## Required action:
Using only the entries below, copy exactly the lines that begin at the one with "Het einde van" and end at the one with "- What’s in", both included. Drop the pictures.

═══ Input data

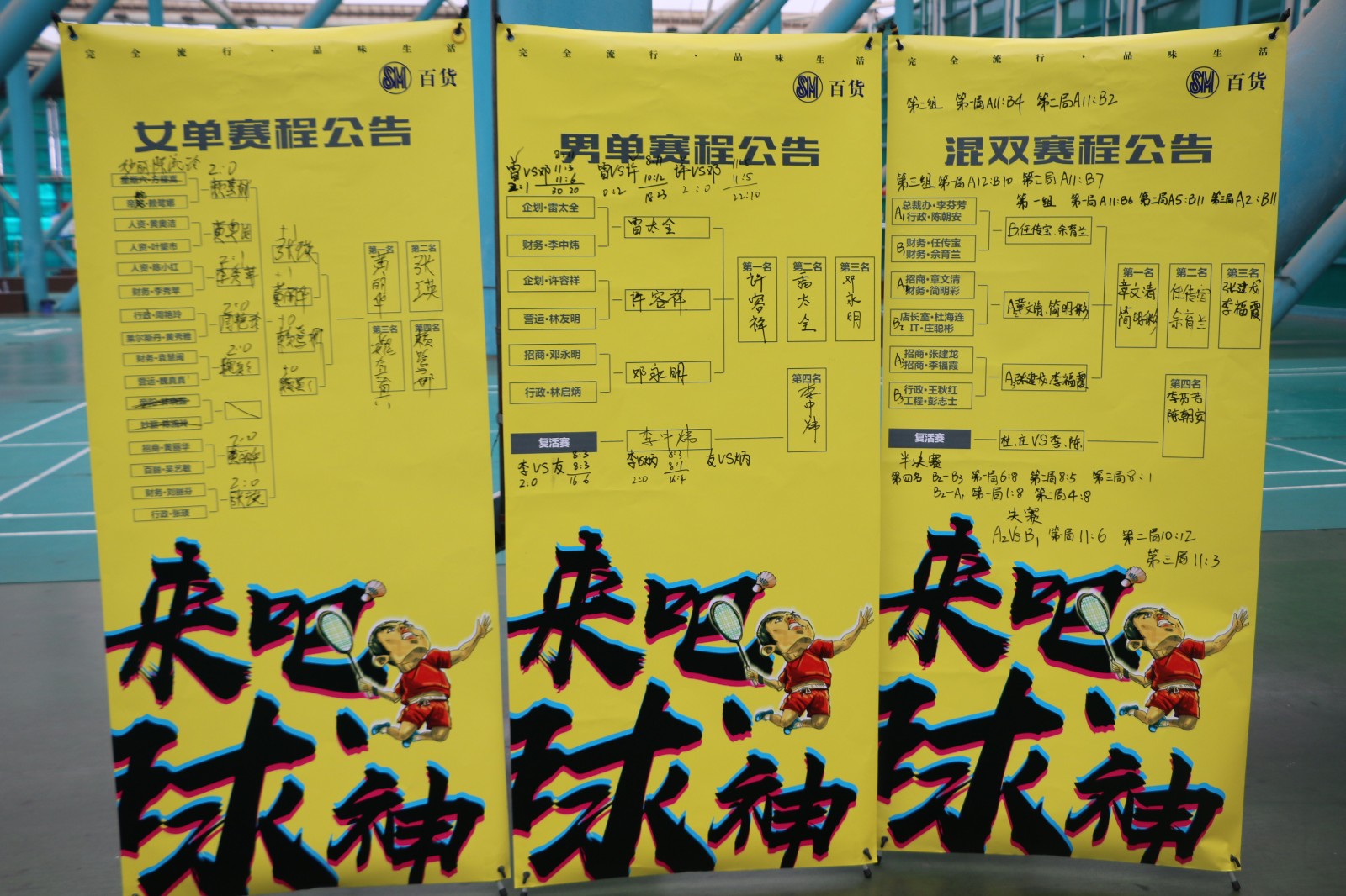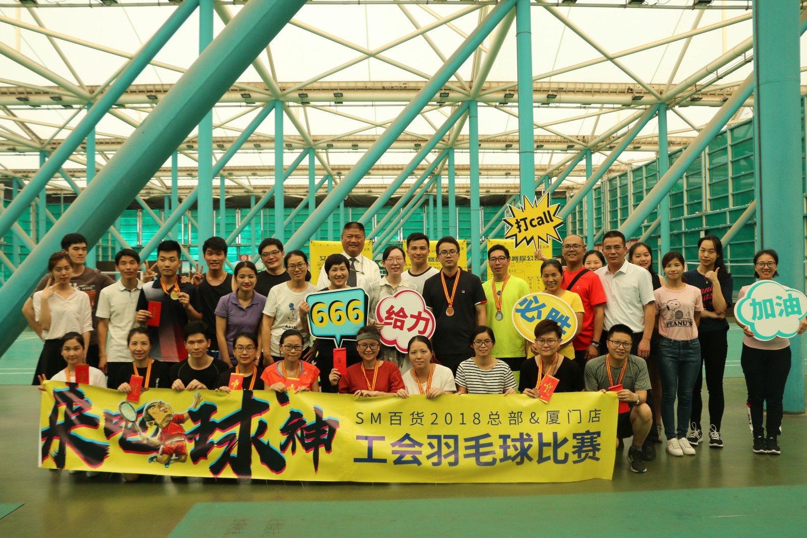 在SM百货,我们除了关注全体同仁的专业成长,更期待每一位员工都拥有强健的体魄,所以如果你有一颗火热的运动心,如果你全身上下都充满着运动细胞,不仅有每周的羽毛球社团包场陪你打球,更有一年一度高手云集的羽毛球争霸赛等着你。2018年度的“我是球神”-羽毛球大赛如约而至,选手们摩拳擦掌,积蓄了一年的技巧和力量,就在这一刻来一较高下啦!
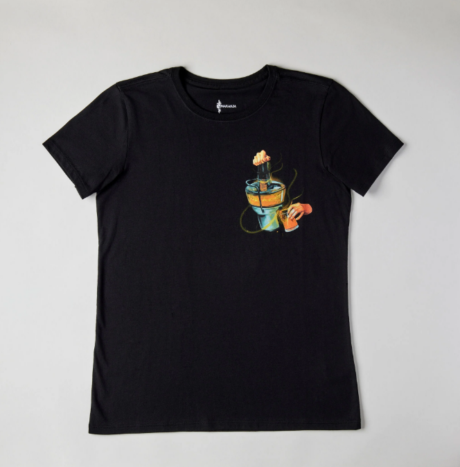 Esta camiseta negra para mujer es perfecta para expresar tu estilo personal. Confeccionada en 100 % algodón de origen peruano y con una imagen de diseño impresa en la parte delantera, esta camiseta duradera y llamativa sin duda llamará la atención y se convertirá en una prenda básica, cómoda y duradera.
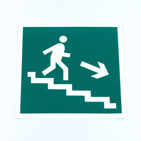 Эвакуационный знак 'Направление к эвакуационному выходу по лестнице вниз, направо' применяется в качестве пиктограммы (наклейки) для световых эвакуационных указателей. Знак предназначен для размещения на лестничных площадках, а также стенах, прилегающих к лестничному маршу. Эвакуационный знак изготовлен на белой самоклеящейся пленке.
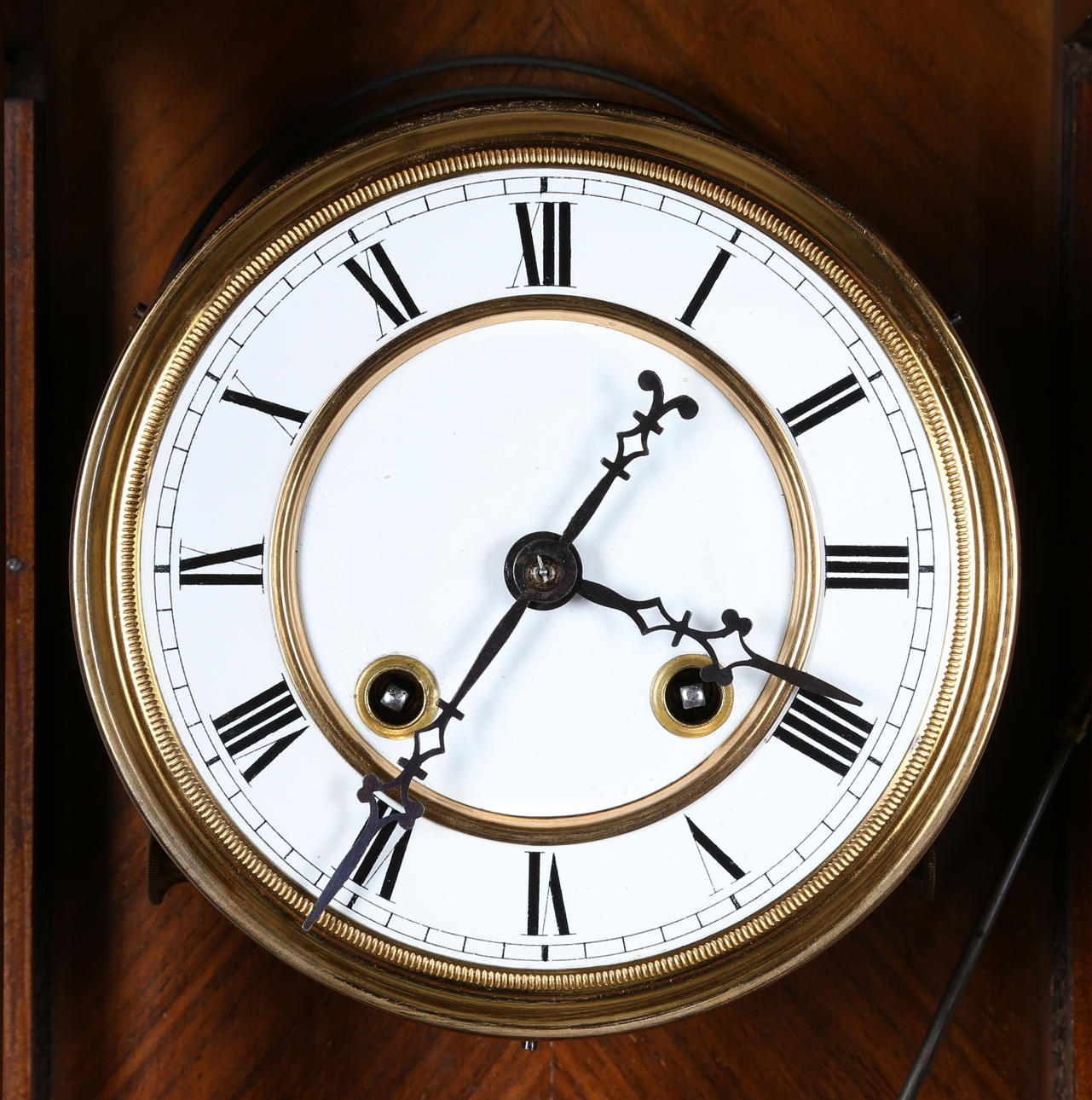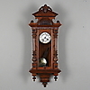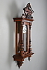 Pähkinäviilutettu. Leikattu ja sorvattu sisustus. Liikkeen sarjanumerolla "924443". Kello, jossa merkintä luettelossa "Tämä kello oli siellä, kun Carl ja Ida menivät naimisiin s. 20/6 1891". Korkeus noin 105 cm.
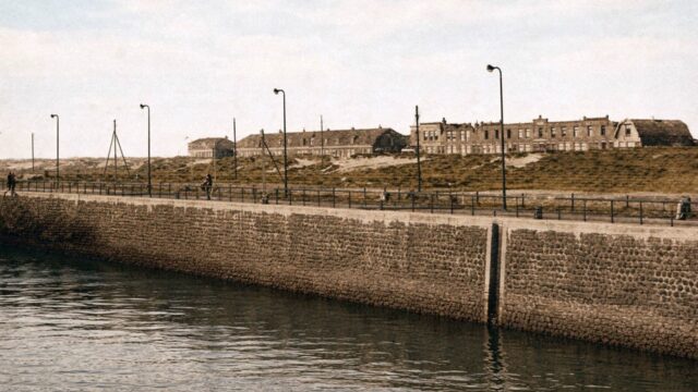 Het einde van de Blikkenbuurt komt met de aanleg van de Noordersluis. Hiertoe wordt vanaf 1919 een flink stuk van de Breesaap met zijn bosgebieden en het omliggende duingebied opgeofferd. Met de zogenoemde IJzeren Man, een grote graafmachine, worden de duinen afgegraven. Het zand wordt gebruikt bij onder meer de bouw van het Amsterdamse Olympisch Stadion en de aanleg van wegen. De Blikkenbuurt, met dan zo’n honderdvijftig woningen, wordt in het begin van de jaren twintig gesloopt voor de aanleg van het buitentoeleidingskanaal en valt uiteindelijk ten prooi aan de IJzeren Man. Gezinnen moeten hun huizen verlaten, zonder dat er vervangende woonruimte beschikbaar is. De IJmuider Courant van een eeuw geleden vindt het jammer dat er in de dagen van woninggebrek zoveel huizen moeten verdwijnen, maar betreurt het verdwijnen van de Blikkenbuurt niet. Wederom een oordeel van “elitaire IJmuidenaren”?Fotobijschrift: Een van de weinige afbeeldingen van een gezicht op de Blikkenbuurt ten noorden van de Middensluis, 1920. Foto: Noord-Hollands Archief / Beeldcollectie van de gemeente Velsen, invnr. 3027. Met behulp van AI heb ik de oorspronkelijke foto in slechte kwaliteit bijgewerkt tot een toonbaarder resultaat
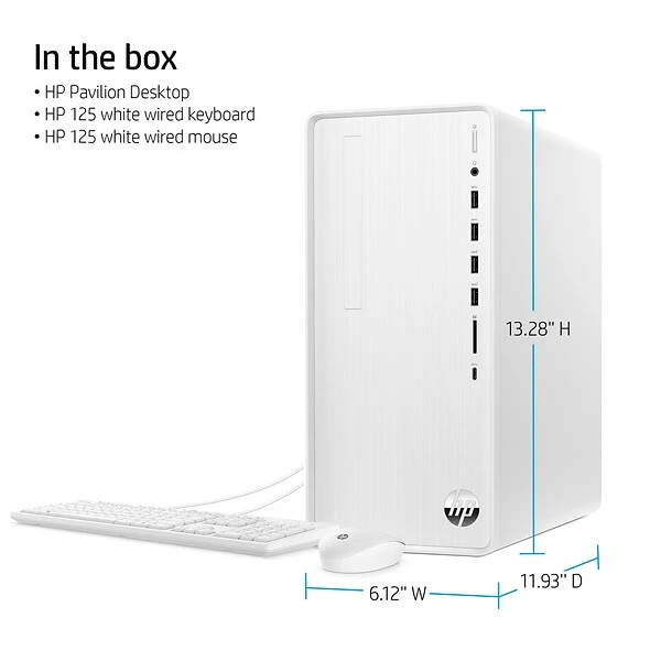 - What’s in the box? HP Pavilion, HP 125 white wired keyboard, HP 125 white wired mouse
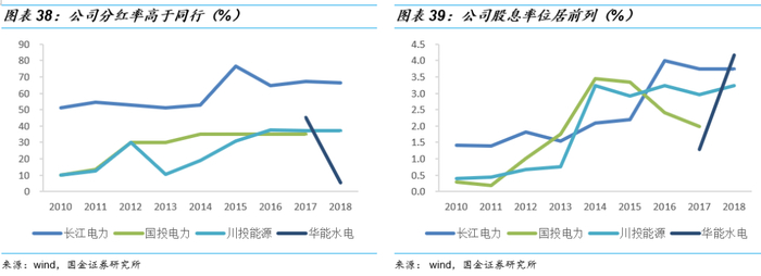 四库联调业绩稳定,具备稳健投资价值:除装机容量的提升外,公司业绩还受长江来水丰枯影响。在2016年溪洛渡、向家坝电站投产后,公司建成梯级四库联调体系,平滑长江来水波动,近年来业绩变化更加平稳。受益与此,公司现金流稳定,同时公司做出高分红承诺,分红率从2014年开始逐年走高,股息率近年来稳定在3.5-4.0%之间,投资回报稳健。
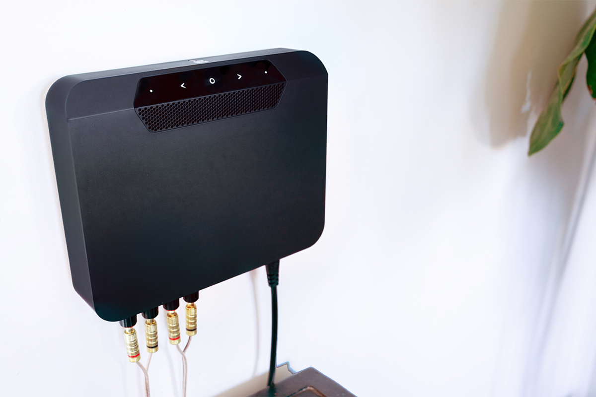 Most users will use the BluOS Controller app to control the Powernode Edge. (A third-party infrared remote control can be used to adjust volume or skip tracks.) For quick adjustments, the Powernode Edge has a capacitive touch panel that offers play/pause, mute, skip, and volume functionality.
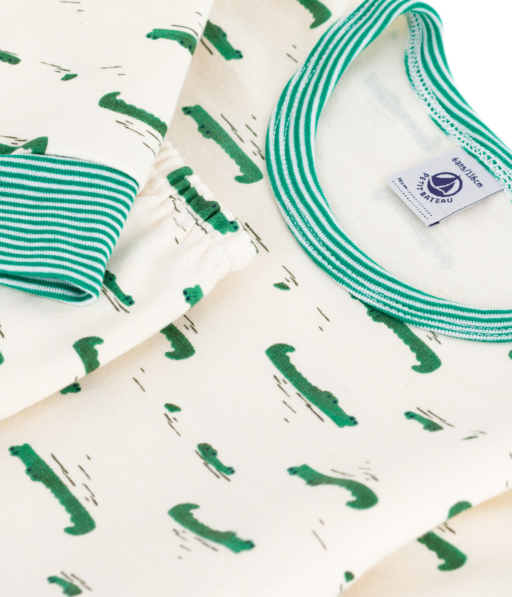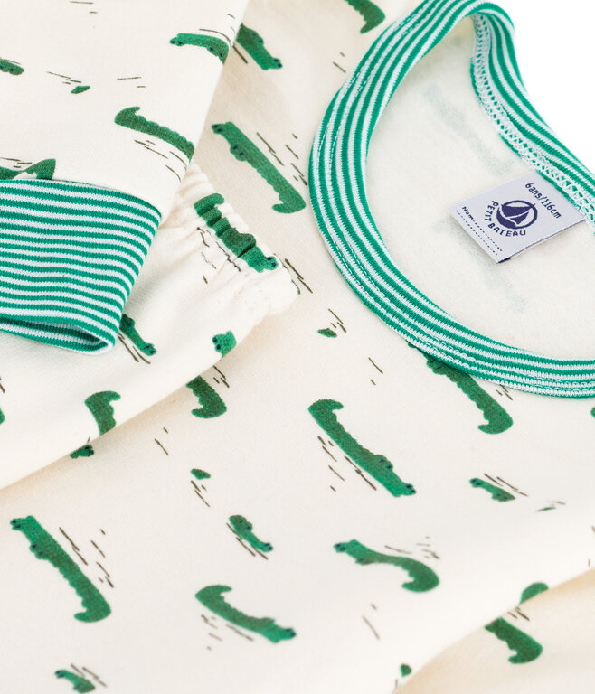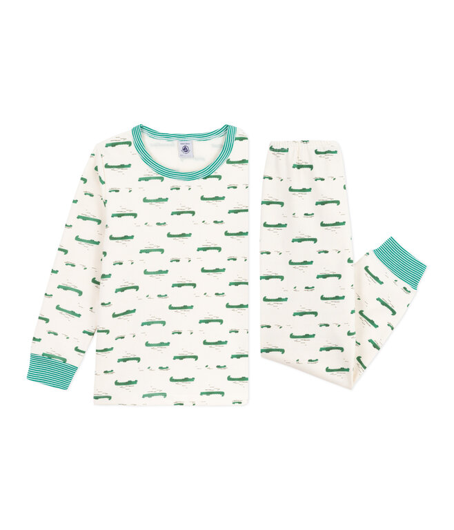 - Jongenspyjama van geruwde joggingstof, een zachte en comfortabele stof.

══════

## Output below:
 Het einde van de Blikkenbuurt komt met de aanleg van de Noordersluis. Hiertoe wordt vanaf 1919 een flink stuk van de Breesaap met zijn bosgebieden en het omliggende duingebied opgeofferd. Met de zogenoemde IJzeren Man, een grote graafmachine, worden de duinen afgegraven. Het zand wordt gebruikt bij onder meer de bouw van het Amsterdamse Olympisch Stadion en de aanleg van wegen. De Blikkenbuurt, met dan zo’n honderdvijftig woningen, wordt in het begin van de jaren twintig gesloopt voor de aanleg van het buitentoeleidingskanaal en valt uiteindelijk ten prooi aan de IJzeren Man. Gezinnen moeten hun huizen verlaten, zonder dat er vervangende woonruimte beschikbaar is. De IJmuider Courant van een eeuw geleden vindt het jammer dat er in de dagen van woninggebrek zoveel huizen moeten verdwijnen, maar betreurt het verdwijnen van de Blikkenbuurt niet. Wederom een oordeel van “elitaire IJmuidenaren”?Fotobijschrift: Een van de weinige afbeeldingen van een gezicht op de Blikkenbuurt ten noorden van de Middensluis, 1920. Foto: Noord-Hollands Archief / Beeldcollectie van de gemeente Velsen, invnr. 3027. Met behulp van AI heb ik de oorspronkelijke foto in slechte kwaliteit bijgewerkt tot een toonbaarder resultaat
 - What’s in the box? HP Pavilion, HP 125 white wired keyboard, HP 125 white wired mouse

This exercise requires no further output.